Father John Patrick 'Dago Red' Mulcahy: He was drafted.

- Sally Kellerman, Rene Auberjonois

Review By: Daniel Hirshleifer   
Published: January 02, 2002

Stars: Donald Sutherland, Elliot Gould, Tom Skerritt
Other Stars: Robert Duvall, Gary Burghoff, Sally Kellerman
Director: Robert Altman

MPAA Rating: R for sexual content
Run Time: 01h:55m:46s
Release Date: January 08, 2002
UPC: 024543027096
Genre: black comedy


Style
Grade
Substance
Grade
Image Transfer
Grade
Audio Transfer
Grade
Extras
Grade
A AC+C B

DVD Review

M*A*S*H is one of the all-time classic American comedies, as well as the film that sparked the 1970s' American film renaissance. The film kick-started the careers of several prominent actors, and also set up many themes and devices that director Robert Altman would use through the rest of his career. The strong ensemble cast, overlapping dialogue, and mix of gritty realism in the operating scenes contrasting with the broad humor of the rest of the film struck a chord with audiences and critics, making the film one of the biggest success stories of 1970. The film also served as inspiration for the TV series, that to this day is still one of the most successful in the history of the medium.

There isn't much plot to M*A*S*H. Perhaps the ending narration sums it up the best: "Follow the zany antics of our combat surgeons as they cut and stitch their way across the front lines, operating as bombs and bullets burst around them; snatching laughs and loves between amputations and penicillin." The film stars Donald Sutherland as Hawkeye Pierce, and Elliott Gould as "Trapper" John, with Tom Skerritt as "Duke." These three doctors are always on call, but when they're not working, they're busy boozing, having sex with the nurses, or playing football. Their freewheeling antics don't sit well with the army bureaucrats and others, such as Major Burns (Robert Duvall), the Bible-thumping doctor in the unit, or "Hot Lips," (Sally Kellerman), the unit's head nurse.

The episodic nature of the film mirrors the helter-skelter nature of war. One moment, Hawkeye and Trapper are drinking martinis, and the next, they're looking down at a disemboweled body on an operating table. In fact, that mix of ultra-realistic gore and outrageous comedy was revolutionary for the time, and is one of the defining elements of the film. Altman wanted to show exactly why the doctors act like they do, and it's because they're trying to escape the horrors of war. Initially, studio executives wanted the gore out, but Altman fought for the scenes, saying that without them, M*A*S*H was just another generic comedy.
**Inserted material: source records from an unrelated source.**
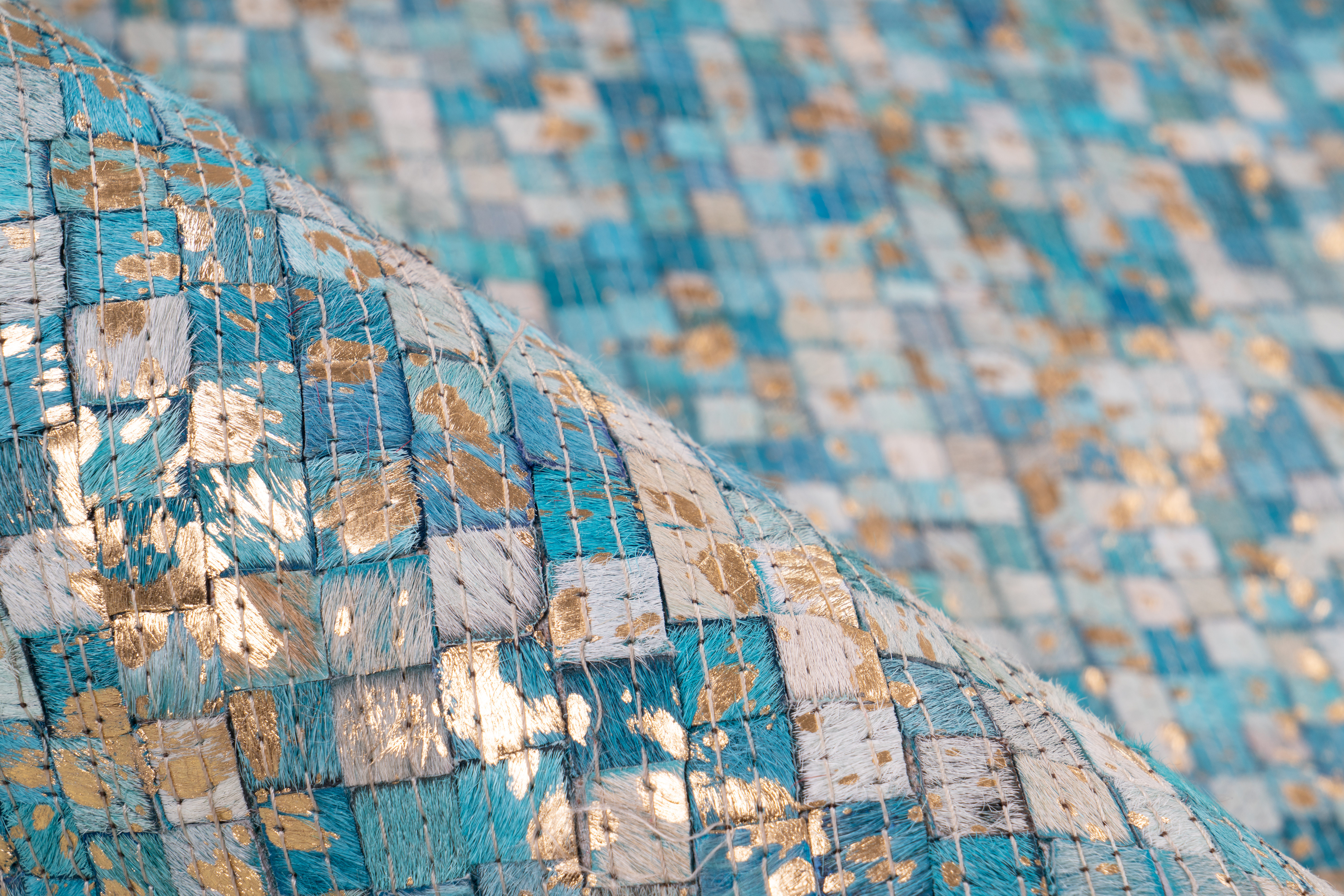Dieses Teppichmodell hat einige positive Eigenschaften. Der Flor wurde in Handarbeit aus vielen kleinen quadratischen Teilen liebevoll zusammengesetzt und ist ein einzigartiges Unikat. Natürliche Lederstücke in verschiedenen Farbabstufungen erzeugen ein raffiniertes Patchwork-Muster, das schnell ein Hingucker im Raum wird. Metallische Effekte verleihen dem Naturteppich mit Fell einen individuellen und modernen Look, der sich mit verschiedenen Einrichtungsstilen kombinieren lässt. Wohnaccessoires aus Leder oder anderen Naturmaterialien sowie natürliche Farben harmonieren besonders gut mit dem Lederteppich. Dank seiner wärmenden Eigenschaften haben Sie auf diesem Teppich keine kalten Füße mehr. Die Filz-Unterseite ist zudem bodenschonend. Auch in viel genutzten Räumen kann der Lederteppich problemlos eingesetzt werden, denn Leder ist nicht nur pflegeleicht, sondern auch sehr widerstandsfähig und robust. Verschmutzungen lassen sich einfach absaugen, ausschütteln oder gegebenenfalls sanft abbürsten. Bei stärkeren Verschmutzungen kann ein feuchtes Tuch mit Naturseife zur Reinigung verwendet werden. Aufgrund des Naturmaterials und der Handfertigung kann es in Größe, Muster und Farbe zu Abweichungen zum Bild kommen, die bis zu 30 % ausmachen können. Jeder Teppich ist somit ein unverwechselbares Unikat. Das natürliche Fell kann nach einiger Zeit und bei hoher Beanspruchung gegebenenfalls an Haaren verlieren. Ebenso könnte sich der Metallic-Druck unter Umständen ablösen. Dies ist dem Naturprodukt und der Beschaffenheit des Fells geschuldet und kein Produktionsfehler.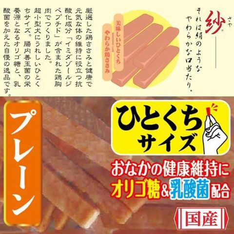 ■原材料:鶏肉(胸肉、ササミ)、コーンスターチ、オリゴ糖、乳酸菌、ソルビトール、グリセリン、プロピレングリコール、ミネラル類(ナトリウム)、リン酸塩(Na)、酸化防止剤(ビタミンC)、発色剤(亜硝酸ナトリウム)、調味料、着色料(赤102、黄5)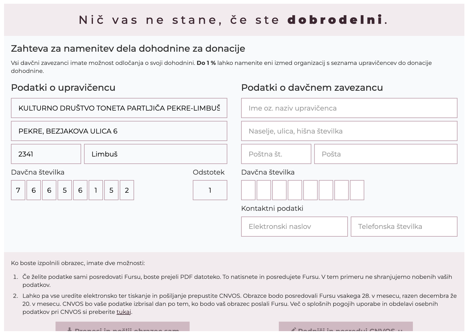 Podprite nas z donacijo 1 % dohodnine! Donacija vas nič ne stane, saj gre za del dohodnine, ki bi sicer ostal v državnem proračunu.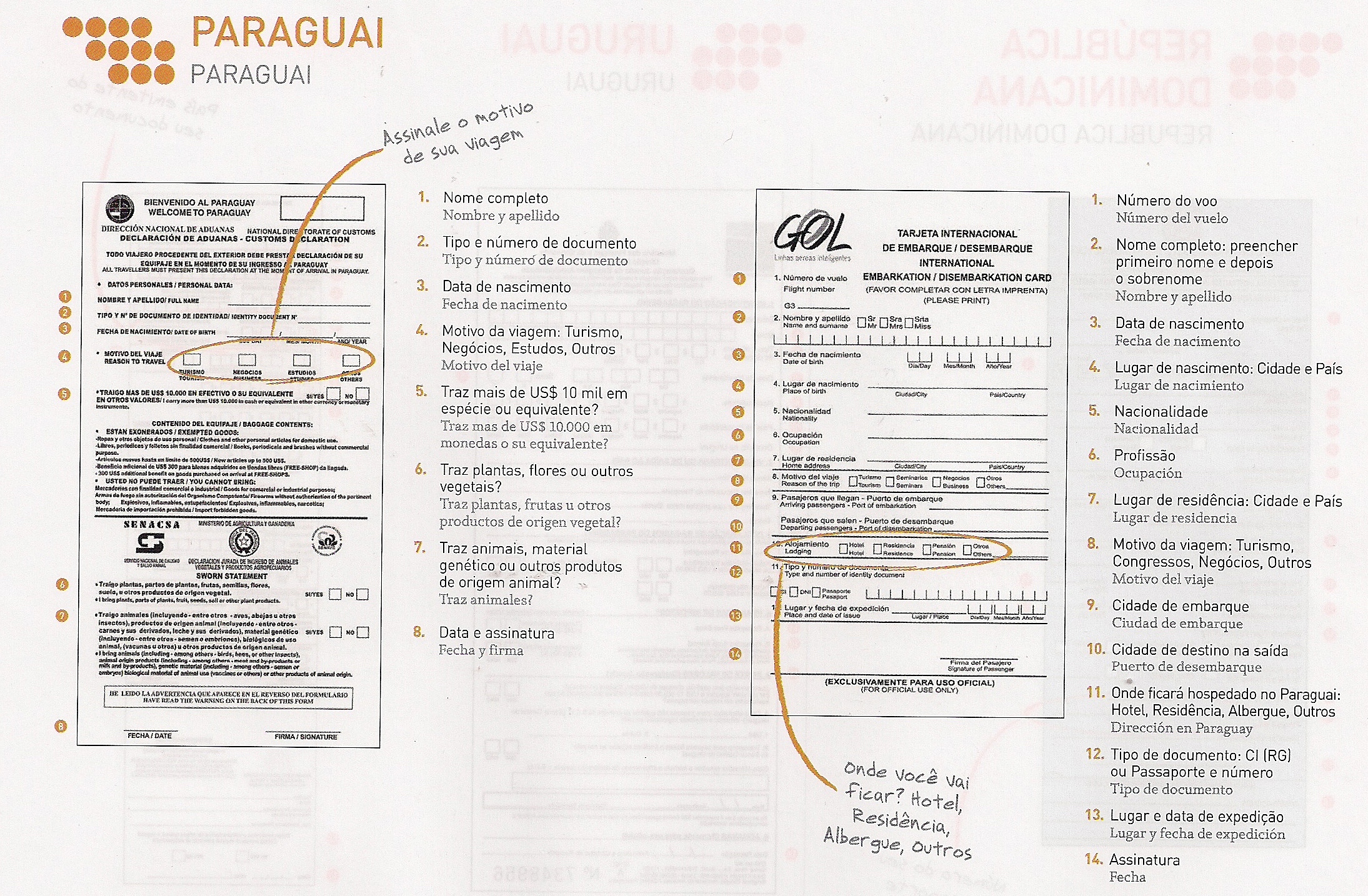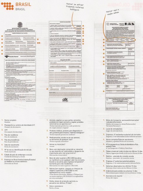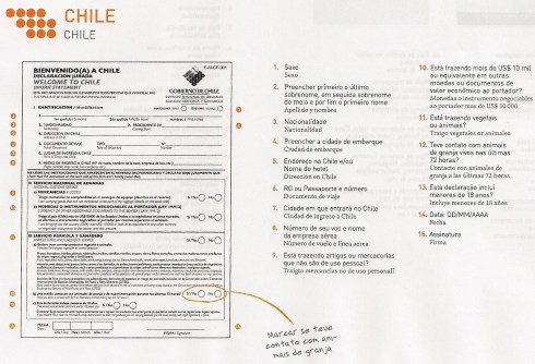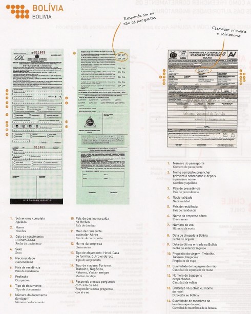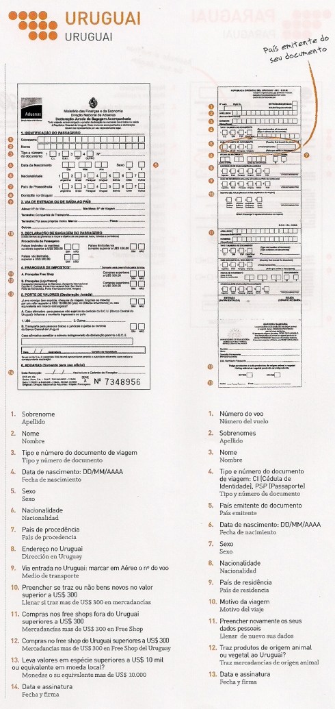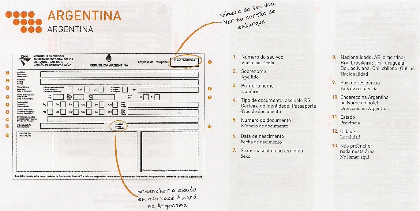 Sabe aqueles papeizinhos que os comissários de bordo começam a distribuir durante o voo, no auge do seu esforço psicológico para tentar se convencer de que sua poltrona é confortável e algumas horas nelas serão as mais agradáveis da sua vida? E quando você olha e se depara com aquelas letras pequenininhas, se pergunta: ãh? Então… Quem já deu uma escapada para algum hermano da América sabe do que estou falando. E quem ainda não foi, mas certamente vai (aproveitando nosso momento econômico de topo da roda gigante… kkkk), também vai se deparar com eles.
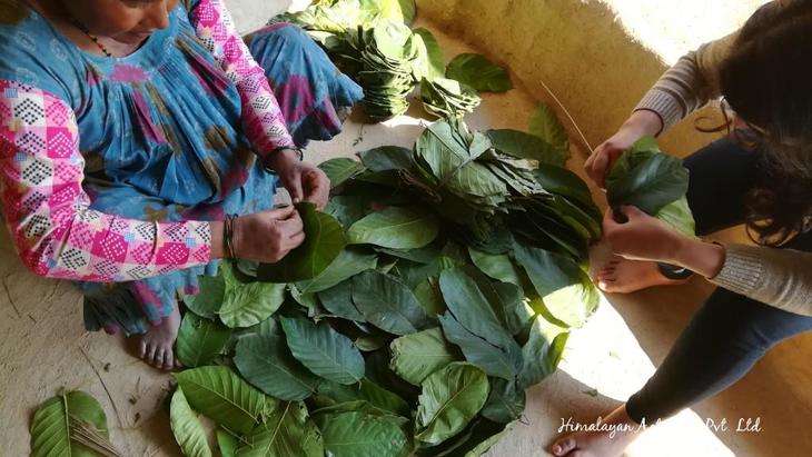 インド国境近くにある沙羅双樹の林からとってきた葉で手作りした葉皿に入れて持って来てくれ、村を感じます。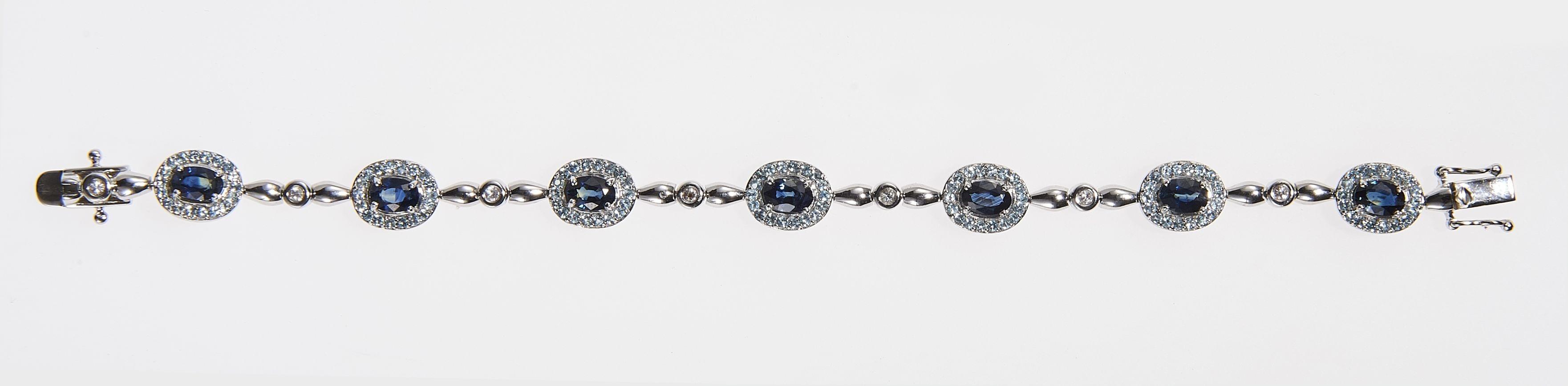 3221. Bracelet ligne composé de motifs sertis de saphirs taille ovale (env. 4 ct) entourés de topazes bleues et ponctués de saphirs blancs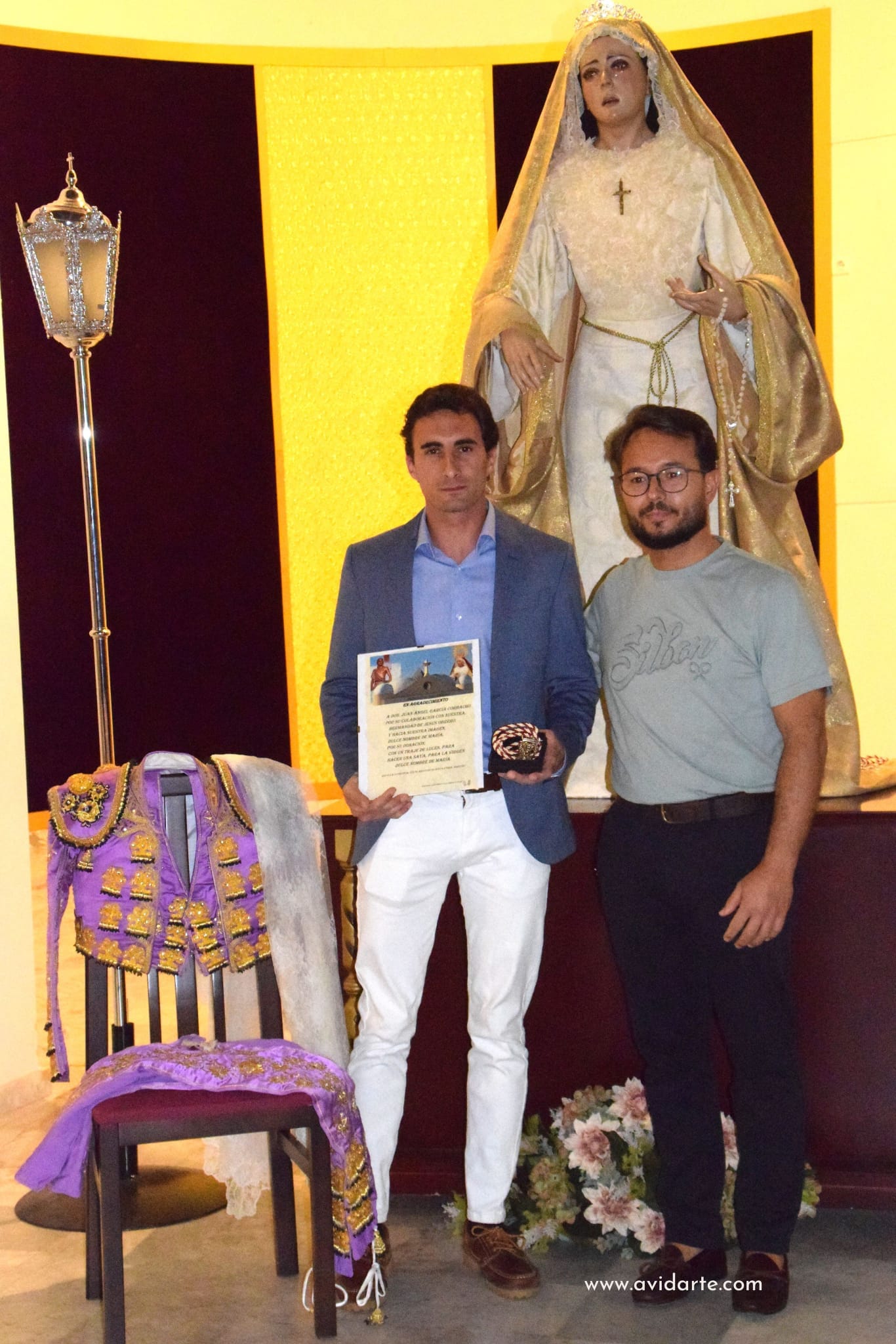 El novillero Juan Ángel García Corbacho ha tenido un hermoso gesto con la Hermandad de Jesús Obrero y Dulce Nombre de María de Badajoz. Hace unos días, le hizo entrega de un vestido de torear de un enorme valor sentimental, no en vano le ha acompañado durante varios años de su carrera, enfundado en él ha cosechado importantes triunfos así como también ha sufrido algún percance, como el producido el pasado año en la Feria del Arroz de Calasparra. La segunda piel de los toreros, los vestidos de torear, que saben bien los miedos, incertidumbres, dudas, alegrías y tristezas que conlleva la profesión. Por eso, es tan difícil desprenderse de ellos, porque son parte de la vida de cada torero.

While the operating scenes do add a level of intensity, M*A*S*H might have been revolutionary for other reasons, anyway. Altman set out to break rules with this movie, and he did so with obvious relish. He attacks everything from war, to bureaucracies, to religion. But not only that, he also challenged film conventions. The best example of this would be his use of overlapping dialogue. Directors normally don't have characters speak over each other, unless they're fighting or intentionally cutting each other off. Altman had his characters speaking at the same time through several scenes in the film. The overall result was that the audience couldn't understand any specifics of the conversation, but got the general feel of the scene. Things like this helped establish the realism that Altman was striving for, but at the same time was nothing like anything people had seen before.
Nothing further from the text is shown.